Ils se projettent eux-mêmes dans les dépenses futures liées à leur avancée en âge, et une potentielle perte d’autonomie.


Au sein d’associations de bénévoles, les boomers apportent une contribution multiforme à la société, suppléant l’action des services publics, déchargeant ainsi l’état du poids du coût.


Non, le boomer n’est pas une espèce humaine à part nageant dans un eldorado de confort et de moyens au dépend des actifs.


Oui, le boomer a travaillé, cotisé, paye des impôts et reste consommateur.
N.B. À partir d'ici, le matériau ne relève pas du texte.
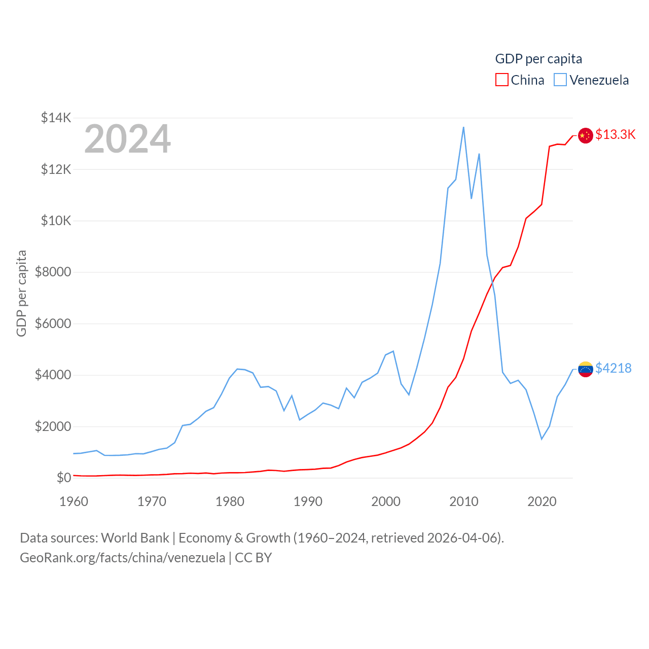 By GDP, China ranks 2/197 ($18.7T) and Venezuela ranks 65/197 ($120B). By GDP per capita, China ranks 76/197 ($13,303), while Venezuela ranks 128/197 ($4,218).

Oui le boomer a fait des enfants, les a éduqués, leur a transmis des valeurs et portés vers le monde de l’engagement professionnel.

Oui le boomer garde un rôle actif dans la société.

Oui le boomer a droit à la solidarité intergénérationnelle garantissant un accompagnement digne à l’arrivée de ses vulnérabilités liées à l’âge.

Oui, le boomer défend une justice fiscale dans l’effort national face à la dette.

 

Les boomers ne réclament que leur juste place dans la société.